Computer Organization and Design 笔记 - Exploiting Memory Hierarchy

02/21 2014

Introduction

Principle of locality

Temporal locality : If a data location is referenced then it will tend to be referenced again soon.
spatial locality : If a data location is referenced, data locations with nearby addresses will tend to be referenced soon.

Memory hierarchy

A structrue that uses multiple levels of memories; as the distance from the processor increases, the size of the memories and the access time both increase.

The main memory is implemented from DRAM, levels closer to the processor use SRAM, the largest and slowest level is usually magnetic disk.

The Basics of Caches

direct mapped cache

A cache structure in which each memory location is mapped to exactly one location in the cache.

Cache index = (Block address) modulo (Number of blocks in the cache)

A valid bit is used to indicate whether an entry contains a valid address. Tag contains the address information required to identify whether the associated block in the hierarchy corresponds to a requested word.

Accessing a Cache

direct-mapped-cache@1.5x

Larger blocks exploit spatial locality to lower miss rate, while miss rate may go up eventually if the block size becomes a significant fraction to the cache size, because:

The number of blocks can be held by the cache will become small, a great deal of competition occurs.
The cost of miss increases.

early restart : Uppon miss, resume execution as soon as the requested word of the block is returned, rather than wait for the entire block.

Handling Misses

Cache Miss : A request for data from the cache that cannot be filled because the data is not present in the cache.

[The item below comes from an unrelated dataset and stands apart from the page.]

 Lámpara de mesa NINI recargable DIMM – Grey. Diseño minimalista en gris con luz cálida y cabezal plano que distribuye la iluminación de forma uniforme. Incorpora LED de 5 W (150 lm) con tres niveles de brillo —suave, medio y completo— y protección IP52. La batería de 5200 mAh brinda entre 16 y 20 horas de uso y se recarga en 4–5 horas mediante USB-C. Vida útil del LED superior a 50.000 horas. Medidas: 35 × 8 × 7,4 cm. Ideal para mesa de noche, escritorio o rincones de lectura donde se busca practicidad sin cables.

Out-of-order processors can allow execution of instructions while waiting for a cache miss, In-order-processors stall on a cache miss.

Handling Writes

Write Through

Always write the data in to both the memory and the cache.

Write Buffer

A queue that holds data while the data is waiting to be written to memory. It's used for fewer memory access and higher performance.

Write Back

When write occurs, the new value is written only in the cache, the modified block is written to the lower level of the hierarchy when it's replaced.

Split Cache

A scheme in which a level of the memory hierarchy is composed of two independent caches that operate in parallel with each other, with one handling instructions and one handling data.

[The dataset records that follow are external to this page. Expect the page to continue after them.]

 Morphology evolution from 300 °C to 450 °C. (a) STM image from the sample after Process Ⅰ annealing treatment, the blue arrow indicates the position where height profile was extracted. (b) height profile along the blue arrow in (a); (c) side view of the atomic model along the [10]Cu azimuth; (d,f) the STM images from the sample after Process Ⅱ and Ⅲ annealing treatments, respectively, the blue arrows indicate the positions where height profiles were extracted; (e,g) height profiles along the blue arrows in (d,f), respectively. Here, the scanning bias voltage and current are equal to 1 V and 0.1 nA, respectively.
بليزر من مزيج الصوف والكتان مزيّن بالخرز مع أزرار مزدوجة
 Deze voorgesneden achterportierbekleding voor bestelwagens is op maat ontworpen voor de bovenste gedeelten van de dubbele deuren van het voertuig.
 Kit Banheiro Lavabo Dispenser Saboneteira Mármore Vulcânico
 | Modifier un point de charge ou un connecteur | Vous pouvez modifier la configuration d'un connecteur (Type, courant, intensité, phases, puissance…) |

A combined cache with a total size equal to the sum of the two split caches will usually have a better hit rate.

Measuring and Improving Cache Performance

Memory-stall clock cycles = Insturctions / Program * Misses / Instruction * Miss penalty

AMAT(Average Memory Access Time) = Time for a hit + Miss rate * Miss penalty

Reducing Cache Misses by More Flexible Placement of Blocks

fully associative

A cache structure in which a block can be placed in any location in the cache.

set associative

A cache that has a fixed number of locations where each block can be placed.

Set index = (Block nubmer) modulo (Number of sets in the cache)

Increasing degree of associativity:

usually decreases the miss rate
a potential increase in the hit time

least recently used(LRU)

A replacement scheme in which the block replaced is the one that has been unused for the longest time.

set-associative@1.5x

Reducing Miss Penalty Using Multilevel Caches

The design for a primary and secondary cache are significantly different:

The primary cache focus on minimizing hit time to yield a shorter clock cycle or fewer pipeline stages.
The secondary cache focus on miss rate to reduce the penalty of long memory acess time.

Global Miss Rate

The fraction of references that miss in all relatives that miss in all levels of a multilevel cache.

Local Miss Rate

The fraction of references to one level of a cache that miss; used in multilevel hierarchies.

Performance in out-of-order processors Memory-stall cycles / Instruction = Misses / Instruction * (Total miss latency - Overlapped miss latency)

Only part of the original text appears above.